I don’t know whether this qualifies as irony:
In 2003, McConnell v. FEC temporarily determined that the Bipartisan Campaign Reform Act – usually called “McCain-Feingold,” after the two Constitutional illiterates that inflicted this law on the rest of us – was in fact Constitutional. The reaction to this was to create various types of organizations that could operate around the new restrictions on free speech; one of these types of organization is something known as a “super-PAC.” Super-PACs continued to exist even after the Supreme Court came partially to its senses and restored key free speech rights in Citizens United v.
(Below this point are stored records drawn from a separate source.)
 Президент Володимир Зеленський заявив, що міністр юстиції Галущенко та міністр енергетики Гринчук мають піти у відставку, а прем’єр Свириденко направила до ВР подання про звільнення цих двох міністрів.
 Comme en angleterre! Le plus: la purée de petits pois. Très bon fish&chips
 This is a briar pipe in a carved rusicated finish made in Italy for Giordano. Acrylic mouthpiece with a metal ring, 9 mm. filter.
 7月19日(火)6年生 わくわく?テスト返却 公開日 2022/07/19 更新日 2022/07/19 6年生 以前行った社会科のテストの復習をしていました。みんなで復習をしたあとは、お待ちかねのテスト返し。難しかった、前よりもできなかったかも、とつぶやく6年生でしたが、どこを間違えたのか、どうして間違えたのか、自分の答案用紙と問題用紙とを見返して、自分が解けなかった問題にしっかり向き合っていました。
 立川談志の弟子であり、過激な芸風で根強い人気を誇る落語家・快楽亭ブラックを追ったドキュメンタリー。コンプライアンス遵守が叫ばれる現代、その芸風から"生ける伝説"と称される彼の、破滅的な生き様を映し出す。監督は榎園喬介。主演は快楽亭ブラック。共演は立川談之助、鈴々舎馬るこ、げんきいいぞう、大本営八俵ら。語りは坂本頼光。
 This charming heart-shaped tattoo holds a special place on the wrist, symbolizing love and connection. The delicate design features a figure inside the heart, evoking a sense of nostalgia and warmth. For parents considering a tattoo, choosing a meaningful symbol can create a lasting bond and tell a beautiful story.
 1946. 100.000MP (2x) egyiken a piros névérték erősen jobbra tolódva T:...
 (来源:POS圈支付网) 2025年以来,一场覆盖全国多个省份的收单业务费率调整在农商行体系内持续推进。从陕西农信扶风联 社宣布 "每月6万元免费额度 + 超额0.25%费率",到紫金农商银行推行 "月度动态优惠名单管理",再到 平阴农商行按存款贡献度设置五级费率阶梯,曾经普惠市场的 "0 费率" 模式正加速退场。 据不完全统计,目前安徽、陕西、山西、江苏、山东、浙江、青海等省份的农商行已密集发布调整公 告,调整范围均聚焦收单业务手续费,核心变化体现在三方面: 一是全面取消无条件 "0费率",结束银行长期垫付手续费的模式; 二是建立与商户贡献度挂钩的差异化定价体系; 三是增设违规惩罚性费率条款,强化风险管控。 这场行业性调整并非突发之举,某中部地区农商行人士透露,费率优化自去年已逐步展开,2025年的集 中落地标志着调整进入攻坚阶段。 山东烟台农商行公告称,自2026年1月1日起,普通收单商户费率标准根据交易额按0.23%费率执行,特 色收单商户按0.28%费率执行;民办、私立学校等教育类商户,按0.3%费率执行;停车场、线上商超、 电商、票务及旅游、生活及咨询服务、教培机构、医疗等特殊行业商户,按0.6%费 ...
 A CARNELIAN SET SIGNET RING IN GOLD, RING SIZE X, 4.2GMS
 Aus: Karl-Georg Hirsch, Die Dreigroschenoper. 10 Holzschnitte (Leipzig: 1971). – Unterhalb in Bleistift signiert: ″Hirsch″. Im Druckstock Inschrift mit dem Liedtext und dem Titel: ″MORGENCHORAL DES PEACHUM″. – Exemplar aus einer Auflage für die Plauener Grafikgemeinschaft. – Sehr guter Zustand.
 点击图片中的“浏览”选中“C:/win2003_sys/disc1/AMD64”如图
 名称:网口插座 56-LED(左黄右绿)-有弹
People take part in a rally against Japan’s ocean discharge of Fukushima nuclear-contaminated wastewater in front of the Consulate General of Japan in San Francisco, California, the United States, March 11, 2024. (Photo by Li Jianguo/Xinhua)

FEC; and in a fine bit of hypocrisy, the Democratic party and the Left has wholeheartedly adopted using such groups for various purposes, including the occasional deniable attack run (as was possibly discussed in a shadowy December meeting that allegedly involved groups like Mother Jones and Citizens for Responsibility and Ethics In Washington). The most recent example of this would be the attacks made by “Progress Kentucky,” which have catastrophically blown up in the Left’s collective face (like, say, Mother Jones and CREW); it is now somewhat more likely that said attacks will instead help re-elect… Senator Mitch McConnell, who brought the original lawsuit against McCain-Feingold in the first place.
Ironic? Possibly not. Hysterical? Hoo, yeah.
Moe Lane
PS: You know, if you had told me last year that large sections of the Right would be shaking their heads in horrified admiration at McConnell at this point, I’d have laughed in your face.